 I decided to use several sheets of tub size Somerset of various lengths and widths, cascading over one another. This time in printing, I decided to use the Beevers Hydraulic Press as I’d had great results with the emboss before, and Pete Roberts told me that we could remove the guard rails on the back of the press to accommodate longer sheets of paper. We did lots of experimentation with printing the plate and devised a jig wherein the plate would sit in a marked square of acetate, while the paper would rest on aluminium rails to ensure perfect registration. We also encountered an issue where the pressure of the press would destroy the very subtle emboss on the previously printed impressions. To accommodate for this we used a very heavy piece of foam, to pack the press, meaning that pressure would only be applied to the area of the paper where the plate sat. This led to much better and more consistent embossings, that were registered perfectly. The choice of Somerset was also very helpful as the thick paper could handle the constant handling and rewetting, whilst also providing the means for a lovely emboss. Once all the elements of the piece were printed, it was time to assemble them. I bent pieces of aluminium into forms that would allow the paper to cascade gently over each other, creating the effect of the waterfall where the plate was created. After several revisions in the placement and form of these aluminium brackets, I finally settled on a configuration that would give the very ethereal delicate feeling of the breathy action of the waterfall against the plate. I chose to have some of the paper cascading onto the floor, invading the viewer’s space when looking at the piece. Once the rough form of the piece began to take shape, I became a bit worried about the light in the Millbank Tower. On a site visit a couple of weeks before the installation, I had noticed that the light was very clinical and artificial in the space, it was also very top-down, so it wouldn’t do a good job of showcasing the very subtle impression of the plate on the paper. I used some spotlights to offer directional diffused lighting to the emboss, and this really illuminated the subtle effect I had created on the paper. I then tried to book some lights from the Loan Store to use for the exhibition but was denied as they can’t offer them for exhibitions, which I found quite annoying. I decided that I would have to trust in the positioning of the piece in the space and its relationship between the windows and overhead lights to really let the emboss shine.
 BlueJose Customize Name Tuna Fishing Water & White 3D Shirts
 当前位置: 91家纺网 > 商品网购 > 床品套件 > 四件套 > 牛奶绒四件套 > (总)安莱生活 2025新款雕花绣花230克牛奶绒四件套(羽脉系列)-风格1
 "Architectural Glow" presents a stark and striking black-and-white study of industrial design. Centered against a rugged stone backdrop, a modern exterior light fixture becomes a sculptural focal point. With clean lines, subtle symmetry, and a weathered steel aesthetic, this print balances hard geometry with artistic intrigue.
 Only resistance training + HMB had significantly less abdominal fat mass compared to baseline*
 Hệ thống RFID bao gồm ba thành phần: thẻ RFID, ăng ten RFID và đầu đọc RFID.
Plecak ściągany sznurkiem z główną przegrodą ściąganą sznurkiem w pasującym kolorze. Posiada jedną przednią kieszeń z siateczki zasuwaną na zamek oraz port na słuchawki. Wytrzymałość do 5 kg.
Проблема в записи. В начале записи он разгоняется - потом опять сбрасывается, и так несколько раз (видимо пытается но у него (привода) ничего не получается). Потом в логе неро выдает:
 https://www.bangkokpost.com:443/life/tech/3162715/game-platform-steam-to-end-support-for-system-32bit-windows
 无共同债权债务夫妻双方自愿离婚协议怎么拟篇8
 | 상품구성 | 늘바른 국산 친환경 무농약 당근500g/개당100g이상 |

----

Aim of the task:
Line by line, copy the data above.

Answer:
 I decided to use several sheets of tub size Somerset of various lengths and widths, cascading over one another. This time in printing, I decided to use the Beevers Hydraulic Press as I’d had great results with the emboss before, and Pete Roberts told me that we could remove the guard rails on the back of the press to accommodate longer sheets of paper. We did lots of experimentation with printing the plate and devised a jig wherein the plate would sit in a marked square of acetate, while the paper would rest on aluminium rails to ensure perfect registration. We also encountered an issue where the pressure of the press would destroy the very subtle emboss on the previously printed impressions. To accommodate for this we used a very heavy piece of foam, to pack the press, meaning that pressure would only be applied to the area of the paper where the plate sat. This led to much better and more consistent embossings, that were registered perfectly. The choice of Somerset was also very helpful as the thick paper could handle the constant handling and rewetting, whilst also providing the means for a lovely emboss. Once all the elements of the piece were printed, it was time to assemble them. I bent pieces of aluminium into forms that would allow the paper to cascade gently over each other, creating the effect of the waterfall where the plate was created. After several revisions in the placement and form of these aluminium brackets, I finally settled on a configuration that would give the very ethereal delicate feeling of the breathy action of the waterfall against the plate. I chose to have some of the paper cascading onto the floor, invading the viewer’s space when looking at the piece. Once the rough form of the piece began to take shape, I became a bit worried about the light in the Millbank Tower. On a site visit a couple of weeks before the installation, I had noticed that the light was very clinical and artificial in the space, it was also very top-down, so it wouldn’t do a good job of showcasing the very subtle impression of the plate on the paper. I used some spotlights to offer directional diffused lighting to the emboss, and this really illuminated the subtle effect I had created on the paper. I then tried to book some lights from the Loan Store to use for the exhibition but was denied as they can’t offer them for exhibitions, which I found quite annoying. I decided that I would have to trust in the positioning of the piece in the space and its relationship between the windows and overhead lights to really let the emboss shine.
 BlueJose Customize Name Tuna Fishing Water & White 3D Shirts
 当前位置: 91家纺网 > 商品网购 > 床品套件 > 四件套 > 牛奶绒四件套 > (总)安莱生活 2025新款雕花绣花230克牛奶绒四件套(羽脉系列)-风格1
 "Architectural Glow" presents a stark and striking black-and-white study of industrial design. Centered against a rugged stone backdrop, a modern exterior light fixture becomes a sculptural focal point. With clean lines, subtle symmetry, and a weathered steel aesthetic, this print balances hard geometry with artistic intrigue.
 Only resistance training + HMB had significantly less abdominal fat mass compared to baseline*
 Hệ thống RFID bao gồm ba thành phần: thẻ RFID, ăng ten RFID và đầu đọc RFID.
Plecak ściągany sznurkiem z główną przegrodą ściąganą sznurkiem w pasującym kolorze. Posiada jedną przednią kieszeń z siateczki zasuwaną na zamek oraz port na słuchawki. Wytrzymałość do 5 kg.
Проблема в записи. В начале записи он разгоняется - потом опять сбрасывается, и так несколько раз (видимо пытается но у него (привода) ничего не получается). Потом в логе неро выдает:
 https://www.bangkokpost.com:443/life/tech/3162715/game-platform-steam-to-end-support-for-system-32bit-windows
 无共同债权债务夫妻双方自愿离婚协议怎么拟篇8
 | 상품구성 | 늘바른 국산 친환경 무농약 당근500g/개당100g이상 |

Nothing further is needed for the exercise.